The Case for Bigger Experiential Marketing Budgets – The Importance of Long-Term Post-Campaign Resea


Many otherwise marketing-savvy companies overlook the enormous power of experiential marketing. This is largely because experiential marketing is only a few decades old; meanwhile, radio and television have been around for longer, and print advertising is a centuries-old institution.

As a result, experiential marketing budgets at some companies exist only on a shoestring level. So marketing executives – constrained by these miniscule budgets – often launch an experiential marketing campaign without the resources to conduct in-depth post-campaign research. And yet the lack of thorough post-campaign research does more harm than good over the long-term; ultimately, the failure to execute rigorous post-campaign research is a costly mistake.

But why exactly is there a need for post-campaign research beyond the usual attendee surveys – which are frequently completed immediately after a live brand experience? Aren’t these basic evaluations enough? A lot of marketing professionals seem to think so.

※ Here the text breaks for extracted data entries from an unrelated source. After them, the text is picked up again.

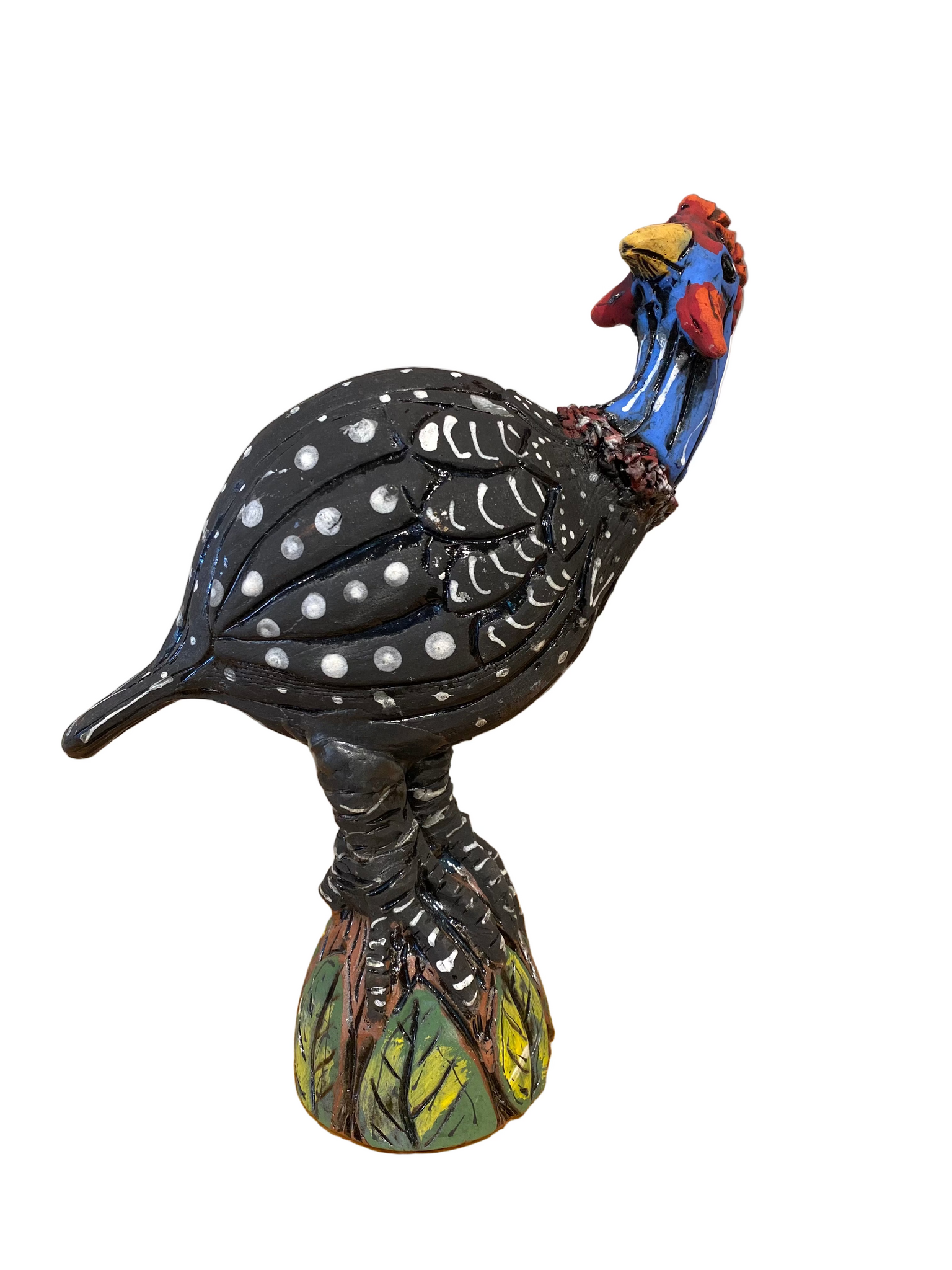 This sculpture is made of red earthenware clay. The rich, matte surface is accented with a white slip and layered underglazes.
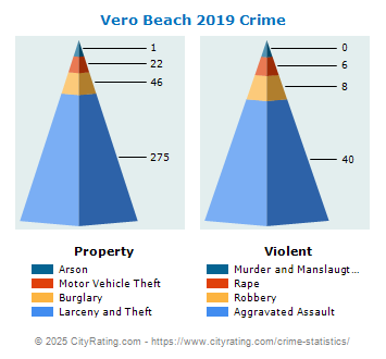 Vero Beach crime statistics report an overall downward trend in crime based on data from 21 years with violent crime decreasing and property crime decreasing. Based on this trend, the crime rate in Vero Beach for 2025 is expected to be lower than in 2019.
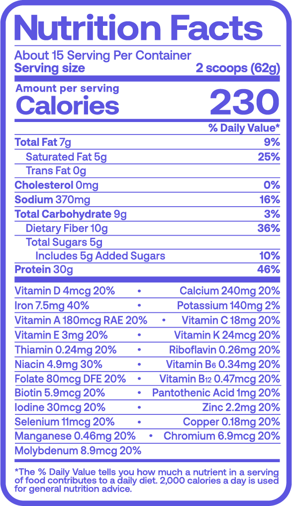 HV Protein Blend (Yellow Pea & Brown Rice), Soluble Fiber (acacia), MCT Oil (Coconut), Cane Sugar, Cocoa Powder (alkalized), Natural Flavor, Moro Red Orange Extract, KSM-66 Ashwagandha Root Extract, Organic Guar Gum, Xanthan Gum, Sea Salt, Reb M, Nutrients Extracted From (Broccoli, Spinach, Kale, Pumpkin, Sweet Potato, Sunflower Seed, Cranberry, Chlorella, Maitake Mushroom, Shiitake Mushroom), Superfood, Fruit, & Vegetable Blend (Pomegranate Extract, Okra, Asparagus, Coffee Berry Extract, Quercetin, Acerola and Acerola Extract, Camu Camu and Camu Camu Concentrate, Acai and Acai Concentrate, Mangosteen and Mangosteen Concentrate, Pumpkin, Banana, Dragon fruit, Lemon Peel, Mango, Maqui, Orange Peel, Pineapple, Blackberry and Blackberry Concentrate, Kiwi, Peach, Apple and Apple Extract, Aronia, Goji Juice Concentrate, Pear, Plum, Alfalfa, Barley Grass, Broccoli Head and Broccoli Head Concentrate, Cabbage, Cauliflower, Celery, Cilantro, Green Onion, Purslane, Red Pepper, Spirulina, Turmeric and Turmeric Concentrate, Zucchini, Beet, Sweet Potato, Basil, Chlorella, Collard Greens, Pea, Broccoli Sprout and Broccoli Sprout Concentrate, Onion Extract, Tomato and Tomato Concentrate, Carrot and Carrot Concentrate, Spinach and Spinach Concentrate, Kale and Kale Concentrate, Brussel Sprouts and Brussel Sprout Concentrate, Grape and Grape Seed Extract, Wild Blueberry and Wild Blueberry Extract, Raspberry and Raspberry Seed Concentrate, Cranberry, Prune, Tart Cherry, Wild Bilberry and Wild Bilberry Extract, Strawberry, Coffee Arabica Extract, Green Tea Extract, Garlic Concentrate, Oregano Concentrate, Cinnamon Concentrate, Elderberry Concentrate, Blackcurrant Concentrate, Sweet Cherry Concentrate, Chokeberry Concentrate), Ancient Grains Blend (Organic Amaranth, Organic Quinoa, Organic Buckwheat, Organic Millet, Organic Chia), Bifidobacterium lactis (probiotic), Lacticaseibacillus rhamnosus (probiotic)
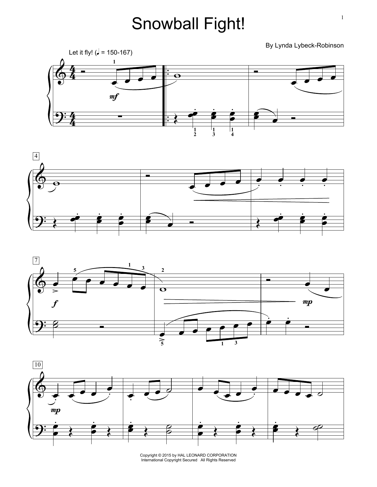 Download or print Lynda Lybeck-Robinson Snowball Fight! sheet music, chords and digital score arranged for Educational Piano. This Children score includes 2 page(s).

But they are wrong.

Here’s why.

Extensive post-campaign research is imperative if a company is to improve the performance of its experiential campaigns, year after year. Attendee evaluations and surveys are useful, but they don’t always predict the long-term impact of the overall experiential campaign; to understand the far-reaching effects of an experiential strategy, in-depth post-campaign research is critical – and it must be carried out weeks and months after the live experience, not immediately after it.

For example, attendee attitudes can be measured in the months after the live brand experience (by collecting attendee contact information during the event, then creating a dedicated outreach campaign) – thereby determining if there has been any significant change in attitudes, and whether those changes are positive or negative. Sales volumes in the months after the live brand experience can also be compared to the sales volume prior to the experience – showing if the experiential campaign has had a direct effect on sales.

The problem here is that many marketing professionals and managers are treating live brand experiences as if they are short-term tactical approaches to temporarily conquer a larger piece of the market share – yet the whole point of experiential marketing (and where it really turns a brand into a real power to contend with) is to build brand equity and increase ROI over the long-term. Those who do not adopt this perspective switch may see some tactical success with their experiential marketing efforts, but they will never be a competitive force to reckon with compared to those who wield experiential marketing with a long-term focus – and to do that, you need to allocate sufficient resources to post-campaign research and intelligence.